Congress came together in surprisingly bipartisan fashion last week to avoid a potentially catastrophic default on the nation’s debt.

Large majorities of both Republicans and Democrats voted for the debt ceiling deal, which might suggest that, finally, an appetite exists for compromise in deeply divided Washington.

A closer look at the numbers punctures that optimistic reading and suggests greater Republican opposition when it comes to future legislation.

The specific breakdown of the debt ceiling vote shows a potentially significant generational shift in the Republican Party away from just this kind of governing compromise.

The big surprise was how bipartisan the vote in the House was: 78 percent of Democrats voted for the package, but so did 68 percent of Republicans — over the strenuous objections of the right-wing House Freedom Caucus. But within that vote are more telling trends.

For one, the usual rule is that members in competitive districts will be more willing to vote for a compromise, while members in safer districts are more likely to vote “no.” That was clearly the case on the Democratic side, much less so on the Republican side.

Even among Republicans who won their 2022 races by less than 10 points, 20 percent voted against the deal, compared with just 6 percent of Democrats who won by similarly slim margins. And Republicans who won by between 10 and 30 points were also much more likely than their Democratic counterparts to vote “no.”

That trend is even clearer if you combine the groups and focus on the 2020 presidential election results.

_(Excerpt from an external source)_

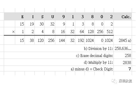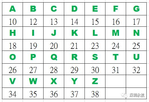 根据校验规则,箱号的每个字母和数字都有一个运算的对应值。箱号的前10位代码中,数字的对应值为自身,即0到9,而字母A到Z对应数值为10到38,因11、22、33不能对11取模数,所以被除去。

In districts in which the presidential winner took at least 60 percent in 2020, similar percentages of Republicans and Democrats voted “no.” But in districts in which neither Donald Trump nor Joe Biden got 60 percent, 28 percent of Republicans voted “no,” compared with just 7 percent of Democrats.

In other words, safe members on both sides who needn’t worry so much about moderate voters abandoning them were similarly apt to vote against the deal. But Republicans in more competitive districts (28 percent “no”) weren’t that different from safer Republicans (36 percent “no”), despite there seemingly being more of a premium on bipartisanship.

A significant reason for that? It appears to be connected to the crop of Republicans who have come into office during the Trump era.

If you look at members who have been in Congress for five or more terms — those elected before Donald Trump’s 2016 win — you see similar percentages of Republicans (17 percent) and Democrats (21 percent) voting “no.”

But if you look at those serving four or fewer terms, the percentage of Republican “no” votes shoots from 17 percent to 41 percent, while Democrats stay steady at 23 percent.

You see a similar trend when it comes to the age of the Republican members.

While just 19 percent of Republicans older than 70 voted against the debt ceiling deal, that increased to 31 percent of those ages 50 to 70. Among those younger than 50, it went up to 40 percent.

The fact that these newer and younger Republicans were significantly more likely to vote “no” would seem to suggest that future GOP conferences might be less willing to compromise as longtime members are replaced with these kinds of MAGA-era Republicans. The lack of a strong correlation to the competitiveness of their districts would seem to bolster the point that this is more about a generational shift.

Turning over Congress is a slow process, and this is all subject to continued changes in how the Republican Party is constituted, along with the realities of how members themselves might evolve over time. It might not just be the Trump-MAGA effect, per se, that makes these younger and newer Republicans more likely to vote against a deal. Perhaps it could be in part that members who serve longer become more willing to compromise over time.

For instance, the “tea party” was known for its reluctance to compromise, and it helped force debt ceiling standoffs in 2011 and 2013. But less than a quarter of GOP members elected in the 2010 tea party wave voted against this deal last week — less than the party as a whole.

It’s clear that these differences between old and young, and tenured and less-tenured, Republicans will be worth watching in future standoffs — particularly when it looks like the new era of Republicans might actually defeat a high-profile bill.